I came in as an International Relations and Professional Writing double major. This semester, I took a chance of changing the latter part of my double major from Professional Writing to Economics. Here are some reasons I decided to make this switch.
#1: Alignment with Current Major
As part of my International Relations major, I’m required to take economics courses up to intermediate micro and macro theory. Majoring in Economics aligned well with my current coursework, and many graduate programs require some level of Economics courses taken during undergraduate. It took me time to decide whether Professional Writing would help me further with my career or if Economics would be a better match.
After speaking with the program coordinator and doing some reflection, I realized that Economics not only pairs better with International Relations than Professional Writing but could also help me with my major during undergrad and give me a leg up in graduate school.
#2: Change of Interests
Fun fact about my experience: I have never taken a college level Economics class other than a half -credit economics and public issues class in high school. This class did not give me a good grasp of economics and actually turned me off from pursuing economics further.

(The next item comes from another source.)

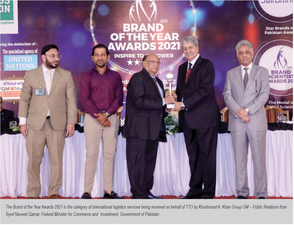 Maintaining its seamless record 'The TAQ Organization' once again received the honour of being the winner of Brand of the Year Awards 2021 in the category of international logistics services at a grand ceremony held on July 30, 2022 at Pearl Continental Hotel Karachi. The award presented by Federal Minister for Commerce and Investment, Government of Pakistan, Syed Naveed Qamar, was received on behalf of TTO by its Executive Director Public Relations Khushnood Ahmed Khan.

However, after watching videos on YouTube and talking with some Econ majors, my interest was piqued. I wanted to learn about different aspects of economics, including the international, urban, public, and labor sectors. Taking these classes would help me understand the political and social aspects of international relations while helping me get familiar with the analytical and economic backgrounds of countries.
#3: Time (Surprisingly)
When I first declared a double major, I already knew I would need to be at university for at least three years. Changing majors did not add any more time to my timeline, surprisingly.
This switch has given me more time to explore opportunities in the Economics field, including internships. I have the opportunity to look at summer research projects with my advisor to combine aspects of both Economics and International Relations, which will hopefully help me stand out when I start applying for graduate school and jobs in the future.
#4: Fewer Courses Than My Previous Major
Looking at the workload between Professional Writing and Economics, there are significantly fewer courses in the Economics program than in Professional Writing. Having a lighter course load in Economics has helped me create a needed balance between my Economics and International requirements.
Even though Economics may not have as many elective requirements as the Professional Writing program, Econ does have courses I am required to take that will be much needed. Taking classes like Intermediate Micro and Macro, Econometrics, and Capstone may be hard, but I know these courses will help me succeed in the long run in my career.
Overall, my opinion on changing majors is to go for it if you are on the fence. While it may be harder to make the switch your junior year, interests do change over time and no one should ever be stuck in one major.
Make sure to talk to advisors in programs you’re thinking about, take introduction courses, and do some thinking about whether changing majors in general is a good idea and if it will cost you more time in college.